SOAPBOX
November 2005
Ron has a critical look at wealth distribution in the UK
Normans go home
We claim to be a free democratic society and are supposed to endeavour to achieve a land of equal opportunity but we are a million miles away from that ideal. The most glaring aspect of inequality is in the ownership of this country that we live in. It is a fact that a tiny 0.6% of the British people own 69% of the land. Most of the remaining 31% is owned by millions of people in very small packages.
This tiny group of people have obtained their land through inheritance. In our ideal society there should be a relationship between effort and reward, if you work hard and make a contribution to society and the nation's wealth, you should be rewarded. But most of these owners of large areas of the country have put in no effort, it is offensive to one's sense of justice that a relatively few people should own such a large proportion of our crowded island. Even today many of those landowners , members of the aristocracy, can trace their lineage back to the Norman conquest when their ancestors' ancestors were given land stolen from the indigenous people.
Of course it is not possible or practical to keep the spirit of my headline to this article but it is surely time that we sought ways of redistributing some of this huge wealth from people who have done nothing to justify their position, so that we can move to a situation where the ownership of Britain is more widely distributed amongst its people. There is a serious inequity in a situation where a government is endeavouring to get poor people off benefit when, at the same time, according to the New Statesman, the same government is paying £9.2million of taxpayer's money annually in subsidies to the Duke of Westminster, a man who inherited his immense wealth, which is measured in billions, and who is possibly the richest man in the country.
According to Kevin Cahill, the author of a book on land ownership in Britain, "Money is being taken out of your pocket to enhance the assets of the rich, who, in their role as landowners, pay no tax. This is a massive scandal."
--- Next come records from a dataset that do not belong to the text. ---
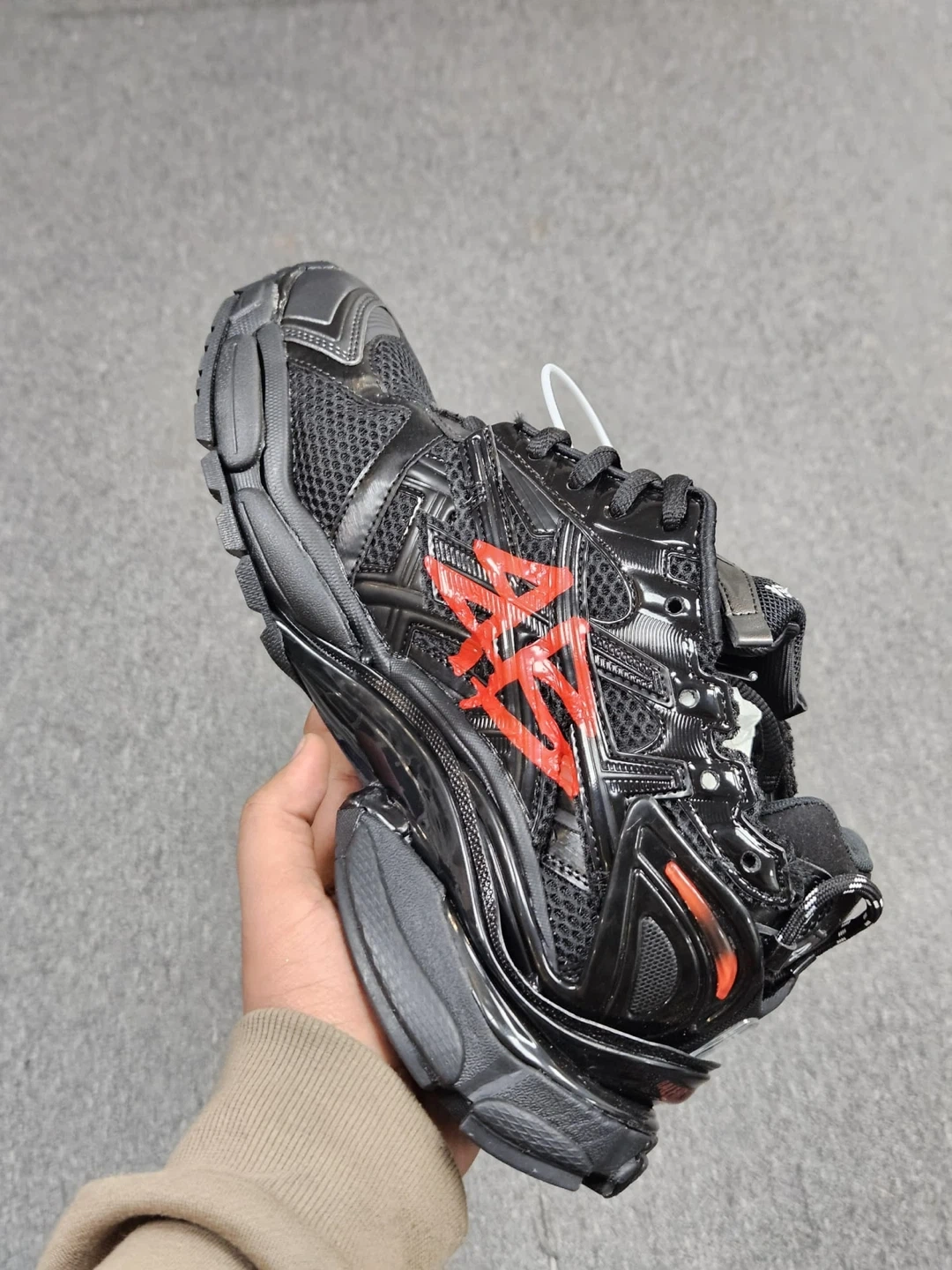 These Balenziaga Runner sneakers are available in white with black graffiti detailing or black with red graffiti accents. They include the original box and dust bag. Perfect for adding a statement to your streetwear collection!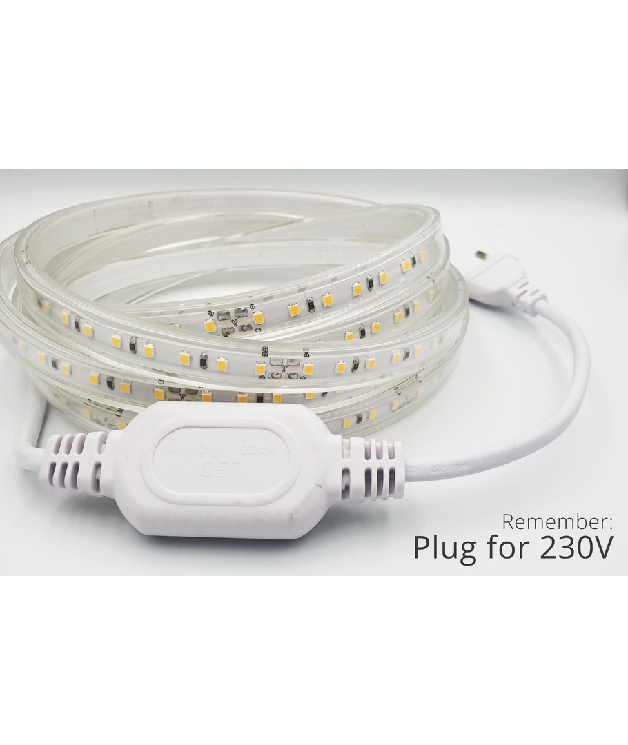 230V, IP67, 1000lm/m, kan klippas var 10:e cm, upp till 100m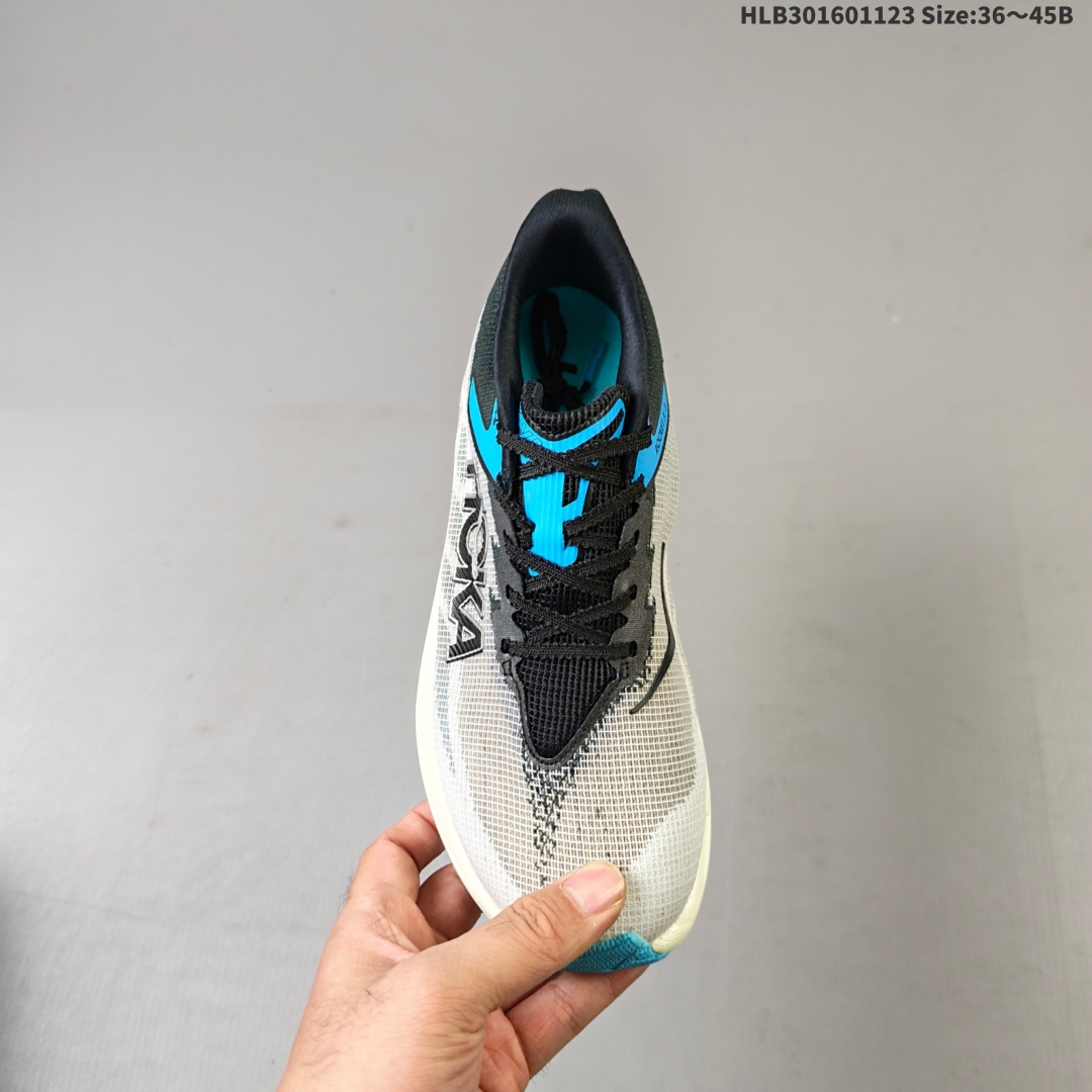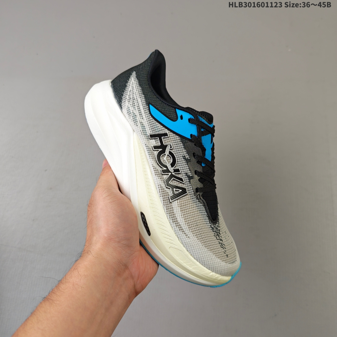 💰160 HOKA/霍卡 原楦开发纸版楦型,采用高科技合成网纱鞋面材质,搭载轻量化PEBA超临界发泡中底,脚感更软弹,外置防滑耐磨橡胶底片❗️畅快回弹敢跑出色,美国新兴跑鞋品牌Hoka One One Men Rocket X 3 Low 火箭X3代系列低帮马拉松竞赛厚底轻量透气网纱休闲运动慢跑鞋 编码:HLB301601123 Size:36~45B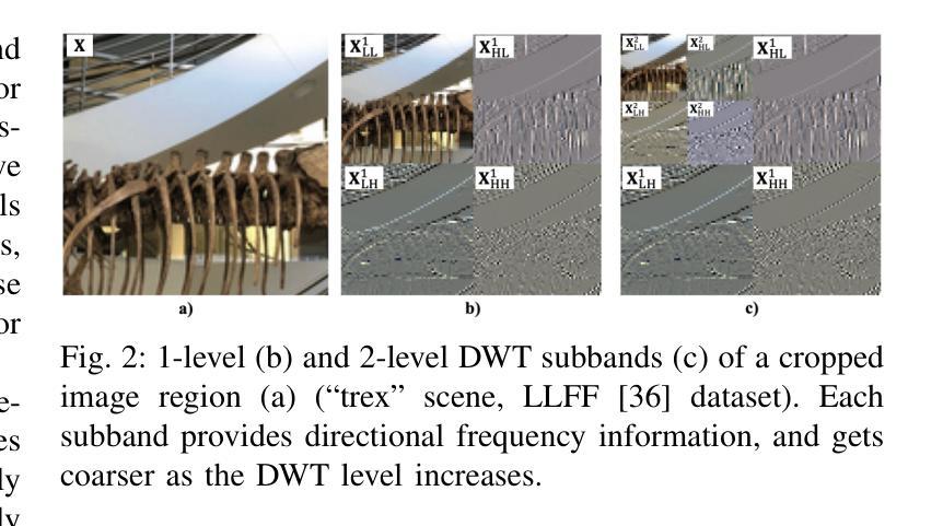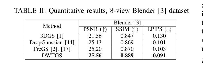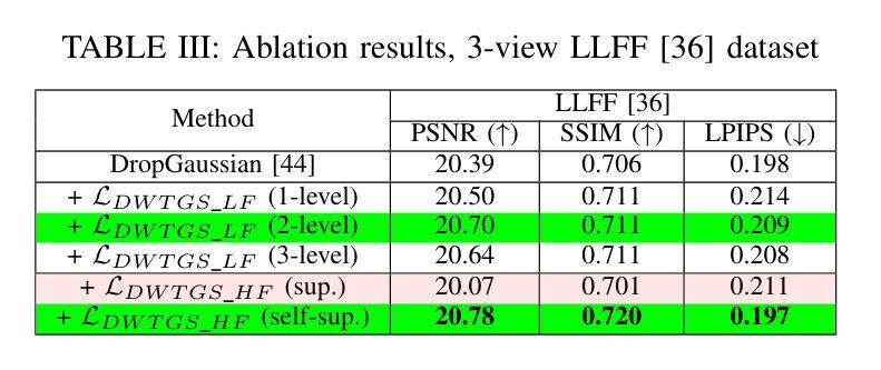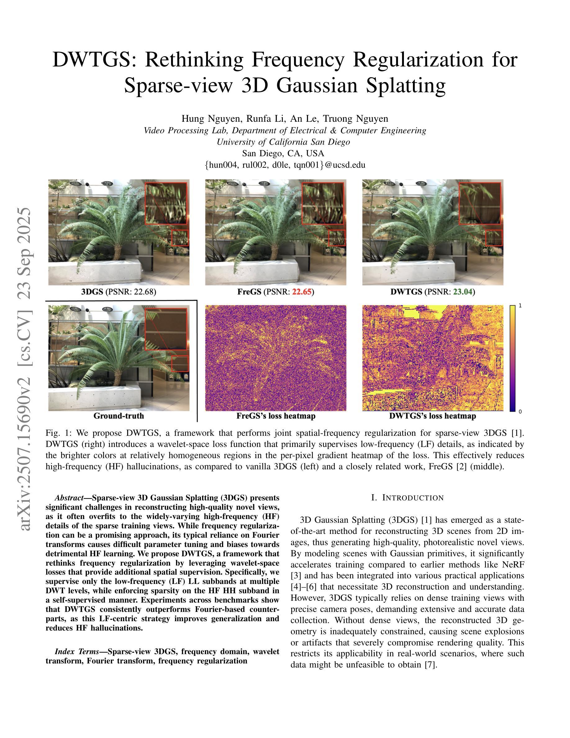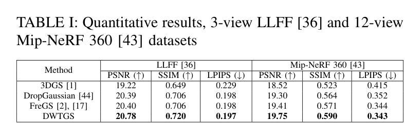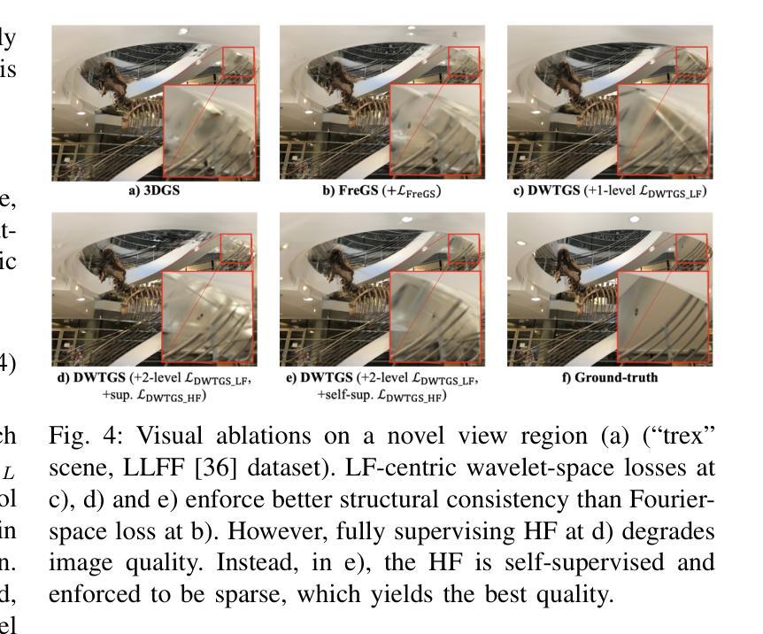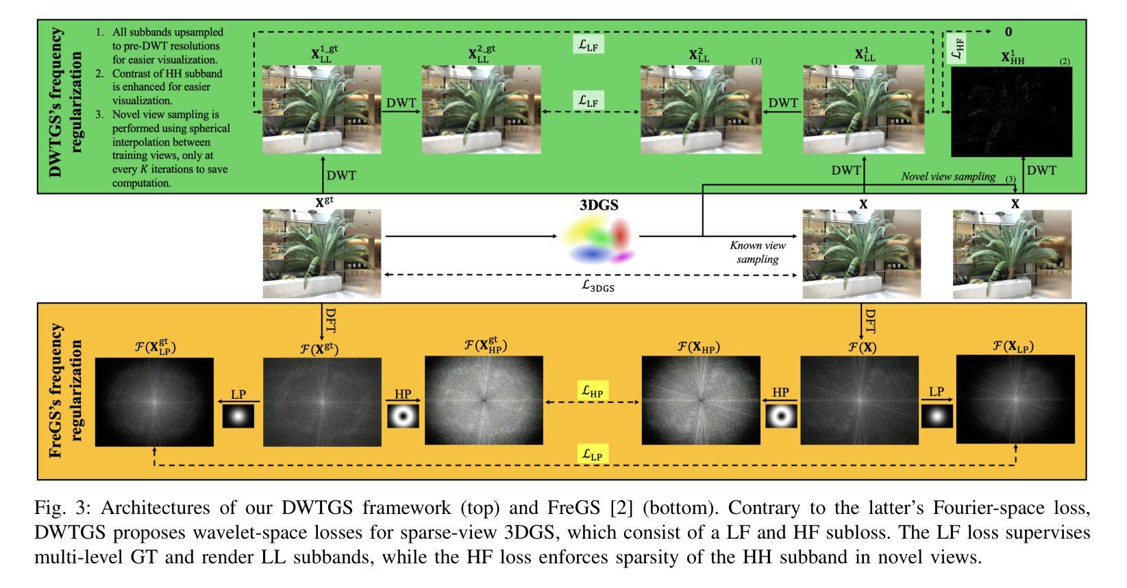 稀疏视角的3D高斯飞溅(3DGS)在重建高质量新颖视角方面存在重大挑战,因为它经常过度拟合稀疏训练视角中广泛变化的高频(HF)细节。虽然频率正则化可能是一种有前途的方法,但它通常依赖于傅里叶变换,导致参数调整困难,并偏向于有害的高频学习。我们提出了DWTGS,这是一个利用小波空间损失重新思考频率正则化的框架,它提供了额外的空间监督。具体来说,我们在多个DWT级别仅监督低频(LF)LL子带,同时以自我监督的方式在高频HH子带上强制执行稀疏性。跨基准的实验表明,DWTGS始终优于基于傅立叶的对应方法,因为这种以LF为中心的策略提高了泛化能力并减少了高频幻觉。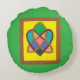 A round cushion with a print of my drawing of a Celtic knot with a modern twist-a love knot.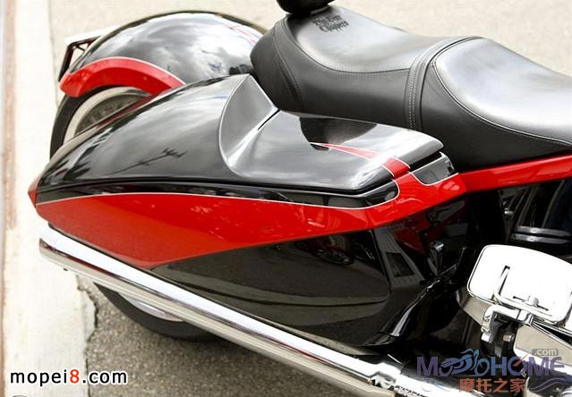 BigBearChoppers大熊GTX-F的掛箱又深又狹長,之所以選擇玻璃纖維是因為這種材料修補起來比較容易。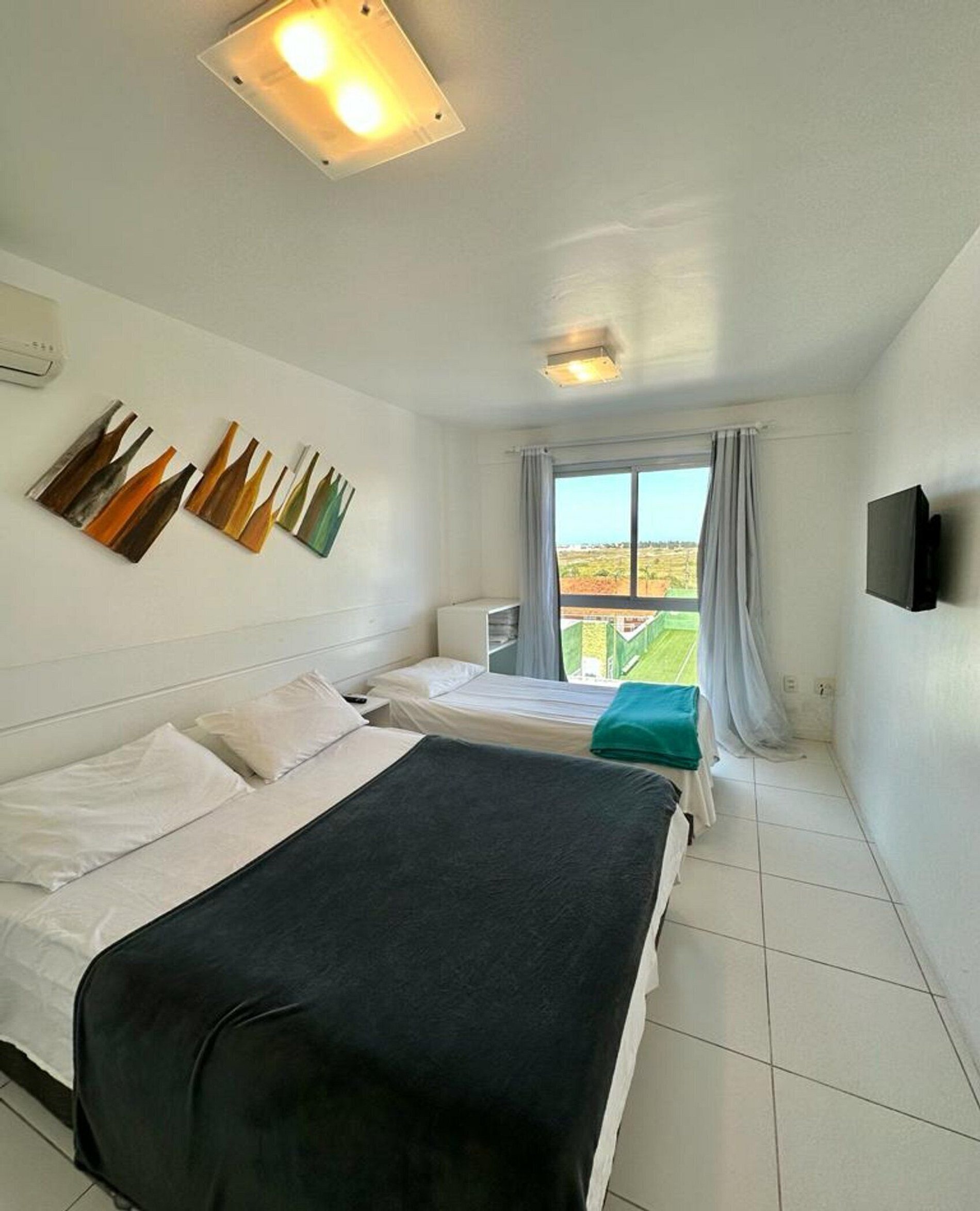 Quarto compartilhado com sala: uma cama casal, uma cama de solteiro, Tv 32", + ar condicionado - (3 pessoas).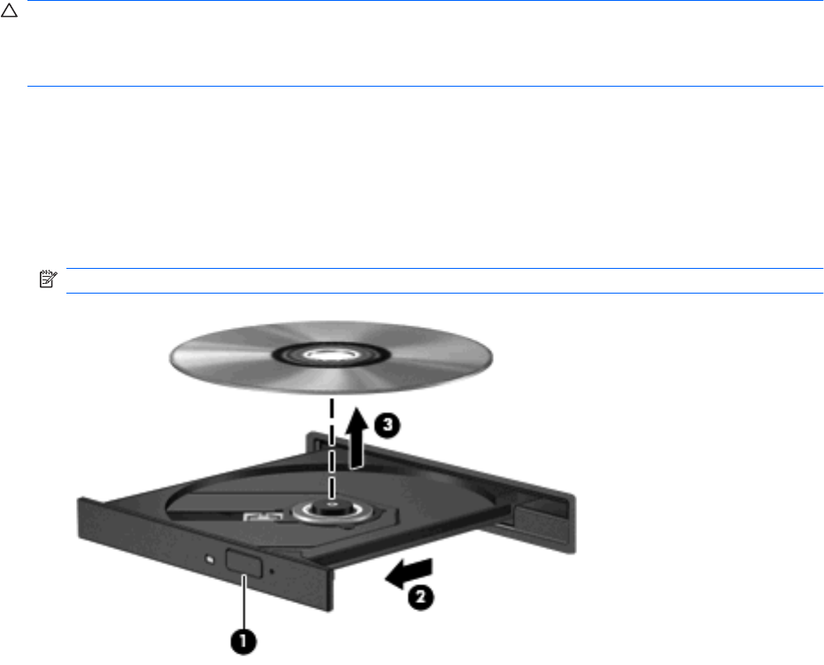 POZNÁMKA: Ak zásobník nie je úplne prístupný, disk pri vyberaní opatrne nakloňte.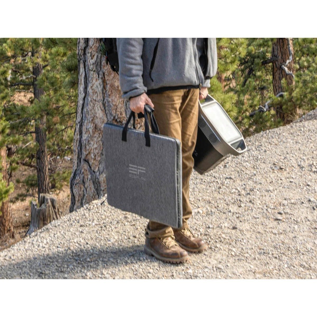 • Пренасяйте този 6 кг соларен панел в калъф (включен в комплекта), който служи и като стойка, осигурявайки ви най-добрия ъгъл за зареждане със слънчева енергия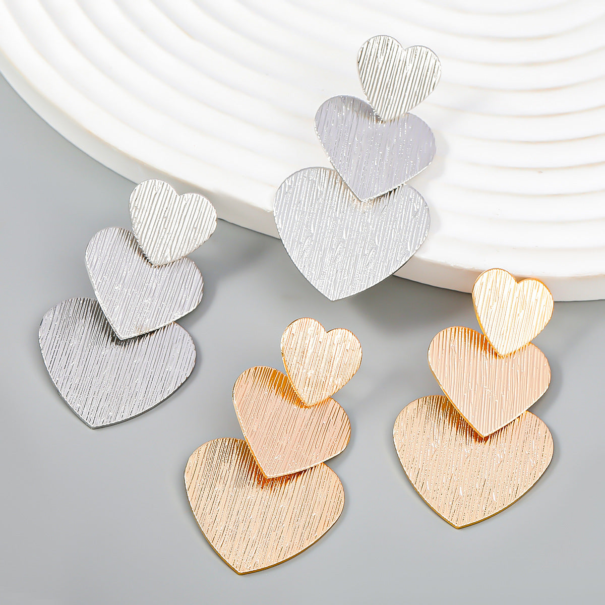 Pendientes de aleación de corazón de rayas verticales multicapa al por mayor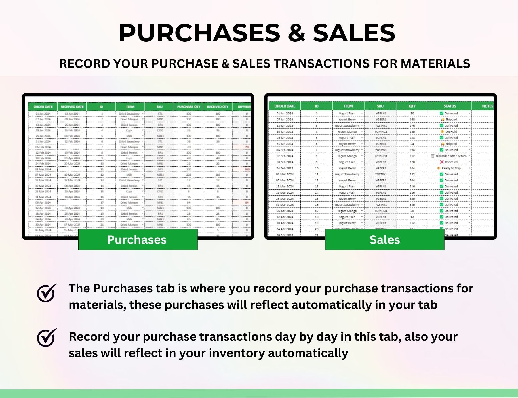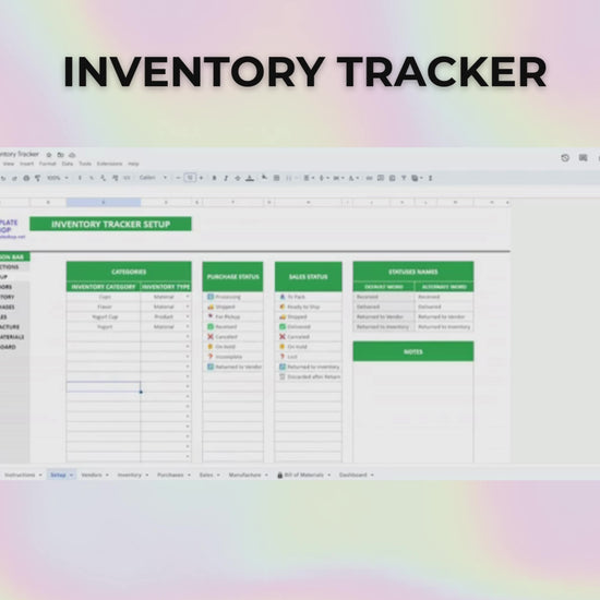 Efficiently manage your inventory and ensure items are always well-stocked with this inventory tracker spreadsheet. Easily track your purchases to prevent duplicate orders. Monitor sales transactions from "To Pack" to "Delivered." Quickly update product and material usage for manufacturing. Get a complete overview of your inventory, purchases, sales, and vendors with the fully automated Inventory Dashboard. It's simple, intuitive, and visually appealing, containing only the essentials. Just enter your transactions, and everything else is calculated for you automatically!

Whilst it may not be possible to send the Normans home, it must be possible to devise laws, possibly in the form of inheritance tax where the tax is paid in the form of land that is subsequently sold off in small parcels, laws that will, after all these centuries, take some of this land away from the aristocracy and the undeserving and distribute it more widely. The Scots have made a start whereby owners of large areas can be forced to sell off some of their land, I look forward, more in hope than expectation, to the day when Parliament starts to introduce legislation for England.